Batch CLI Evaluation

Batch CLI evaluation handles tools that process multiple inputs at once — bulk classifiers, screening engines, or any runner that reads all tests and outputs results in one pass.

Overview

Use batch CLI evaluation when:

An external tool processes multiple inputs in a single invocation (e.g., AML screening, bulk classification)
The runner reads the eval YAML directly to extract all tests
Output is JSONL with records keyed by test id
Each test has its own evaluator to validate its corresponding output record

Execution Flow

AgentV invokes the batch runner once, passing --eval <yaml-path> and --output <jsonl-path>
Batch runner reads the eval YAML, extracts all tests, processes them, and writes JSONL output keyed by id
AgentV parses the JSONL and routes each record to its matching test by id
Per-test evaluators validate the output for each test independently

Eval File Structure

description: Batch CLI demo using structured input
execution:
  target: batch_cli

tests:
  - id: case-001
    criteria: |-
      Batch runner returns JSON with decision=CLEAR.

    expected_output:
      - role: assistant
        content:
          decision: CLEAR

    input:
      - role: system
        content: You are a batch processor.
      - role: user
        content:
          request:
            type: screening_check
            jurisdiction: AU
          row:
            id: case-001
            name: Example A
            amount: 5000

    assert:
      - name: decision-check
        type: code_judge
        script: bun run ./scripts/check-output.ts
        cwd: .

  - id: case-002
    criteria: |-
      Batch runner returns JSON with decision=REVIEW.

    expected_output:
      - role: assistant
        content:
          decision: REVIEW

    input:
      - role: system
        content: You are a batch processor.
      - role: user
        content:
          request:
            type: screening_check
            jurisdiction: AU
          row:
            id: case-002
            name: Example B
            amount: 25000

    assert:
      - name: decision-check
        type: code_judge
        script: bun run ./scripts/check-output.ts
        cwd: .

Batch Runner Contract

The batch runner reads the eval YAML directly and processes all tests in one invocation.

Input

The runner receives the eval file path via --eval and an output path via --output:

bun run batch-runner.ts --eval ./my-eval.yaml --output ./results.jsonl

Output

JSONL where each line is a JSON object with an id matching a test:

{"id": "case-001", "text": "{\"decision\": \"CLEAR\", ...}"}
{"id": "case-002", "text": "{\"decision\": \"REVIEW\", ...}"}

The id field must match the test id for AgentV to route output to the correct evaluator.
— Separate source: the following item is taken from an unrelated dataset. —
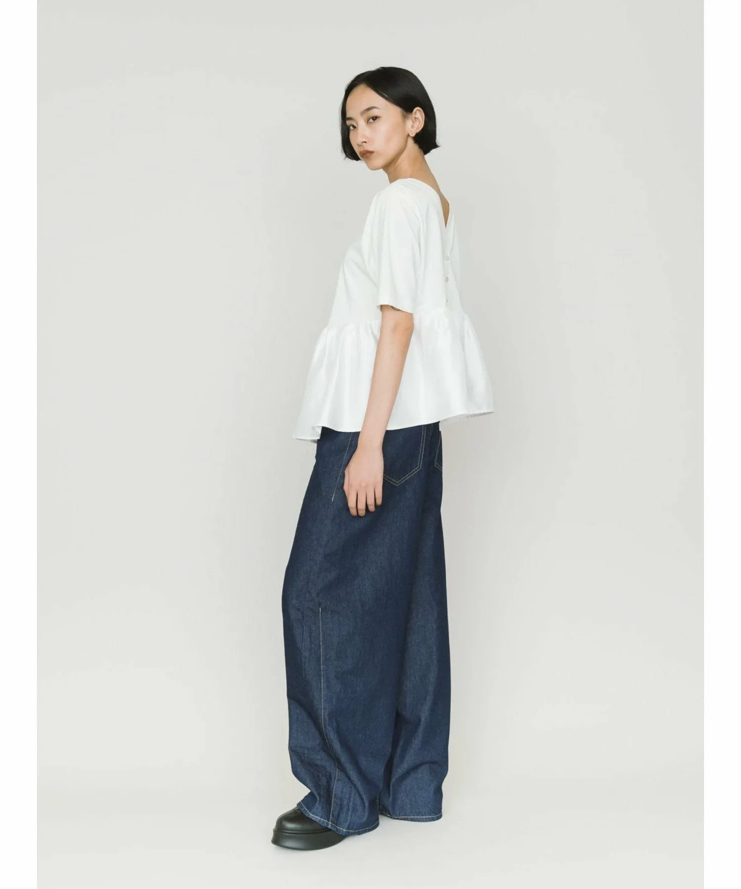 Этот двусторонний топ с баской и переплетенными нитями снова . Он имеет аккуратный крой и сшит с переходом на атласную ткань под грудью, создавая современный, присборенный, расклешенный силуэт, придающий образу женственность. Его можно носить как кардиган, расстегнув спереди, или как пуловер, что делает его универсальным предметом гардероба. Доступен в трех легко сочетающихся цветах.

Output with Tool Trajectory

To enable tool_trajectory evaluation, include output with tool_calls:

{
  "id": "case-001",
  "text": "{\"decision\": \"CLEAR\", ...}",
  "output": [
    {
      "role": "assistant",
      "tool_calls": [
        {
          "tool": "screening_check",
          "input": { "origin_country": "NZ", "amount": 5000 },
          "output": { "decision": "CLEAR", "reasons": [] }
        }
      ]
    },
    {
      "role": "assistant",
      "content": { "decision": "CLEAR" }
    }
  ]
}

AgentV extracts tool calls directly from output[].tool_calls[] for tool_trajectory evaluators.

Evaluator Implementation

Each test has its own evaluator that validates the batch runner output. The evaluator receives the standard code_judge input via stdin.

Input (stdin):

{
  "answer": "{\"id\":\"case-001\",\"decision\":\"CLEAR\",...}",
  "expected_output": [{"role": "assistant", "content": {"decision": "CLEAR"}}],
  "input": [...]
}

Output (stdout):

{
  "score": 1.0,
  "hits": ["decision matches: CLEAR"],
  "misses": [],
  "reasoning": "Batch runner decision matches expected."
}

Example Evaluator

import fs from 'node:fs';

type EvalInput = {
  answer?: string;
  expected_output?: Array<{ role: string; content: unknown }>;
};

function main() {
  const stdin = fs.readFileSync(0, 'utf8');
  const input = JSON.parse(stdin) as EvalInput;

  const expectedDecision = findExpectedDecision(input.expected_output);

  let candidateDecision: string | undefined;
  try {
    const parsed = JSON.parse(input.answer ?? '');
    candidateDecision = parsed.decision;
  } catch {
    candidateDecision = undefined;
  }

  const hits: string[] = [];
  const misses: string[] = [];

  if (expectedDecision === candidateDecision) {
    hits.push(`decision matches: ${expectedDecision}`);
  } else {
    misses.push(`mismatch: expected=${expectedDecision} actual=${candidateDecision}`);
  }

  const score = misses.length === 0 ? 1 : 0;

  process.stdout.write(JSON.stringify({
    score,
    hits,
    misses,
    reasoning: score === 1
      ? 'Batch runner output matches expected.'
      : 'Batch runner output did not match expected.',
  }));
}

function findExpectedDecision(messages?: Array<{ role: string; content: unknown }>) {
  if (!messages) return undefined;
  for (const msg of messages) {
    if (typeof msg.content === 'object' && msg.content !== null) {
      return (msg.content as Record<string, unknown>).decision as string;
    }
  }
  return undefined;
}

main();

Structured Content

Use structured objects in expected_output to define expected output fields for easy validation:

expected_output:
  - role: assistant
    content:
      decision: CLEAR
      confidence: high
      reasons: []

The evaluator extracts these fields and compares them against the parsed candidate output.

Target Configuration

Configure the batch CLI provider in your targets file or eval file:

# In agentv-targets.yaml or eval file
targets:
  batch_cli:
    provider: cli
    commandTemplate: bun run ./scripts/batch-runner.ts --eval {EVAL_FILE} --output {OUTPUT_FILE}
    provider_batching: true

Key settings:

Setting	Description
`provider: cli`	Use the CLI provider
`provider_batching: true`	Run once for all tests instead of per-test
`{EVAL_FILE}`	Placeholder replaced with the eval file path
`{OUTPUT_FILE}`	Placeholder replaced with the JSONL output path

Best Practices

Use unique test IDs — the batch runner and AgentV use id to route outputs to the correct evaluator
Structured input — put structured data in user.content for the runner to extract
Structured expected_output — define expected output as objects for easy comparison
Deterministic runners — batch runners should produce consistent output for reliable testing

Healthcheck support — add a --healthcheck flag for runner validation:

if (args.includes('--healthcheck')) {
  console.log('batch-runner: healthy');
  return;
}